# Exciting Menagerie news :)



## ShrimpieLove (Apr 26, 2010)

Cant wait to see whats in the large shrimp order planned in august!

http://www.menageriepetshop.com/fish/new-arrivals.html


----------



## Joeee (Apr 3, 2010)

Sounds exciting, too bad I won't be able to travel that far for shrimp. ;[


----------



## Guest (Jul 24, 2010)

Joeee said:


> Sounds exciting, too bad I won't be able to travel that far for shrimp. ;[


downtown Toronto? that's far?

Didn't you recently travel to Scarborough to visit a bunch of stores?

It takes 45 minutes by Subway from Kipling Station to Castle Frank and then 5-7 minutes from Castle Frank.
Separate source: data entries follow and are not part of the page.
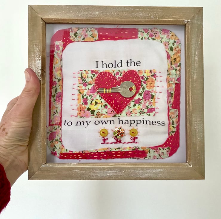 The wording has been printed onto fabric then embellished with stitching.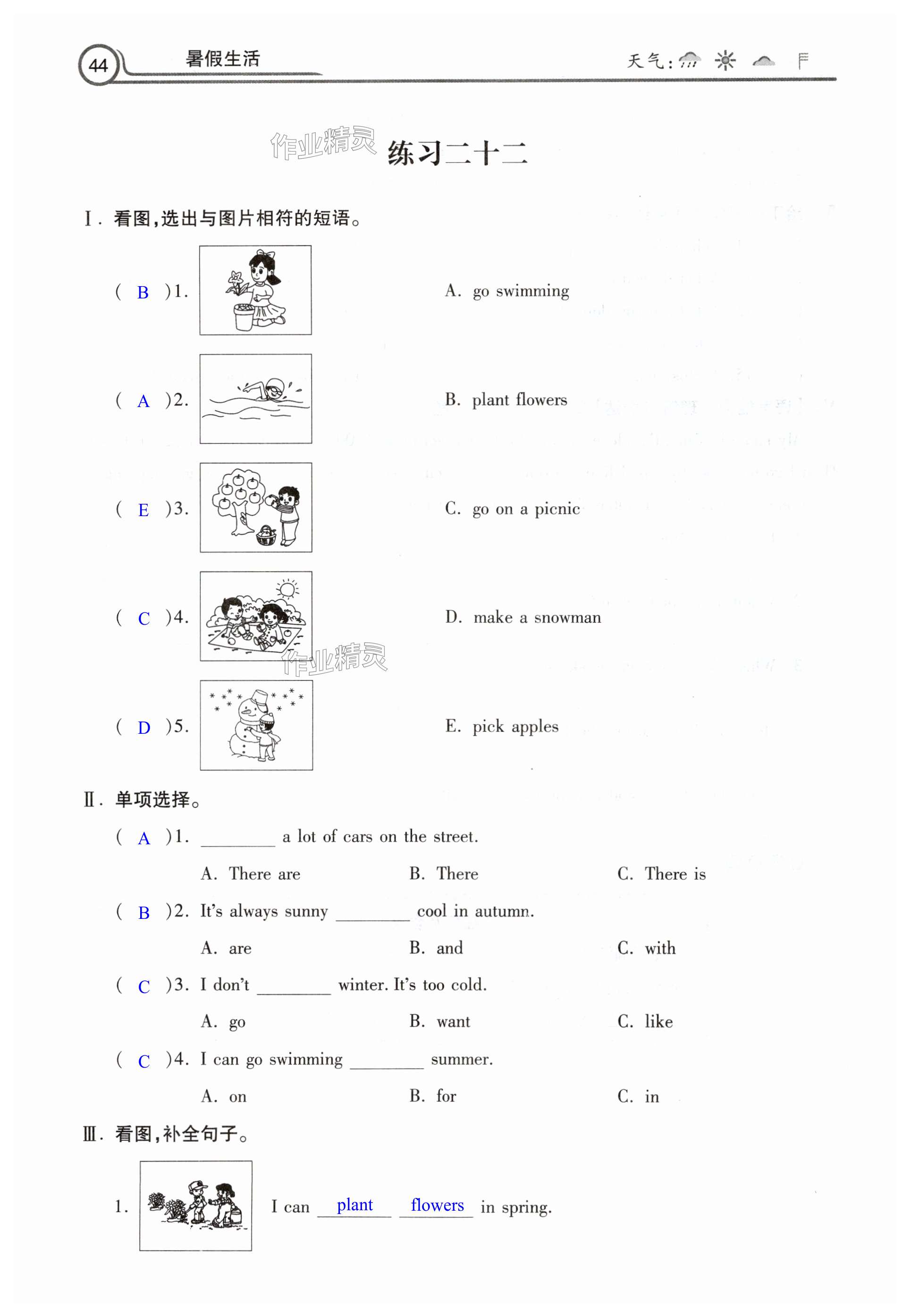 注:目前有些书本章节名称可能整理的还不是很完善,但都是按照顺序排列的,请同学们按照顺序仔细查找。练习册 2025年暑假生活河北美术出版社五年级英语 答案主要是用来给同学们做完题方便对答案用的,请勿直接抄袭。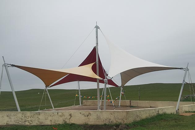 哈尔滨膜结构景观采用PTFE膜材,是在超细玻璃纤维织物上涂以聚四氟乙烯树脂而成的材料。这种膜材有较好抗紫外线、抗老化性能和阻燃性能。现在许多的景观膜结构厂家采用PTFE膜材来构筑景观膜结构。

Far is North Bay or Ottawa or Windsor which some people have done regularly... once a month to get to the store.


----------



## Ciddian (Mar 15, 2006)

Oooo.... Thats exciting H_S!


----------



## ameekplec. (May 1, 2008)

GuppyLove said:


> Cant wait to see whats in the large shrimp order planned in august!
> 
> http://www.menageriepetshop.com/fish/new-arrivals.html


Old news  But exciting nonetheless!


----------



## Joeee (Apr 3, 2010)

h_s said:


> downtown Toronto? that's far?
> 
> Didn't you recently travel to Scarborough to visit a bunch of stores?
> 
> ...


I consider anything that's more than a 45 minute drive far.


----------



## igor.kanshyn (Jan 14, 2010)

Look at *Axelrodia riesei*. They are gorgeous little fishes.


----------